Back in the Arms of the Devil

Back in the Arms of the Devil

By Avery Hart

Prologue

Bridger

I was thirteen years old the first time I ended up in the back of a cop car.

My dad had been T-boned a year prior and with that came him losing two things: his job and his ability to walk.

Wheelchairs were goddamn expensive and I had no problem pulling my weight around the house to make things easier for him and Mom, and that meant stealing.

Bread, milk, butter, bananas—Dad’s favorite, and I’d be damned if I didn’t give him something to look forward to.

But while I had been sneaky, I hadn’t been sneaky enough: which was why at the tender age of thirteen, I had those damn bananas ripped out of my hands and had my first mugshot taken.

The next time I felt those cuffs digging into the skin of my wrists, I was sixteen.

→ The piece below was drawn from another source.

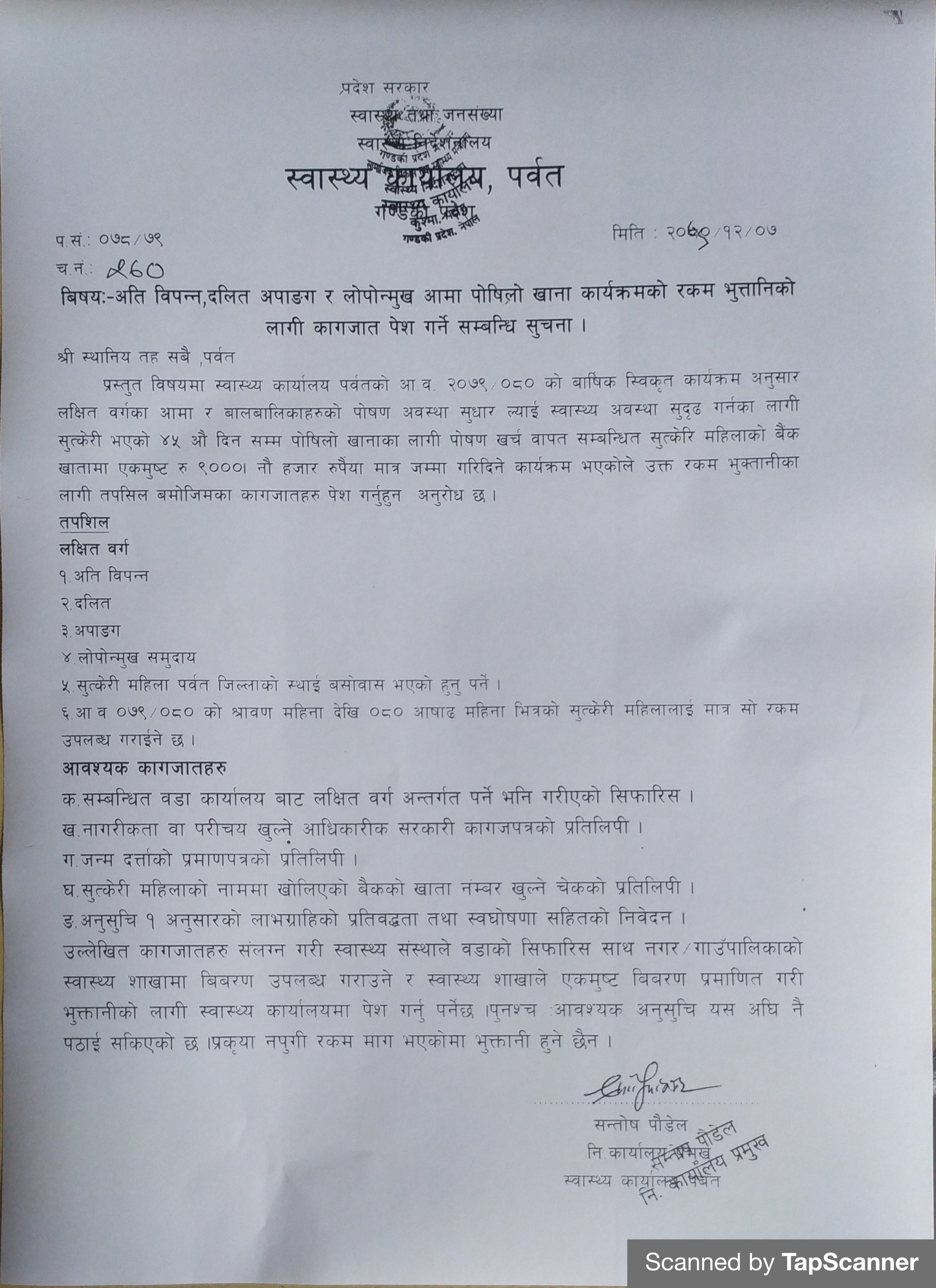 विशेष अनुदान तर्फको आमा तथा बालबालिकाको पोषण सुधार आयोजना सम्बन्धी सुचना

What should have been a typical, boring schoolyard fight—the kind I had been involved in a hundred times before—got a little out of hand when Tyler Grenville made a joke about my dad.

You buy him that wheelchair from the thrift store?

We had bought it from the thrift store, but it wasn’t any of his fucking business how me and Mom took care of Dad.

There was no chance in hell I was just going to stand there and let him say that shit, so I left one of his eyes with a bruise the size of my fist he rightfully deserved.

Twenty minutes later, I was in the backseat of a cop car and on my way to a three-week stint in juvie.

That same year I was arrested one more time, but life was getting real tough then and that also meant taking risks.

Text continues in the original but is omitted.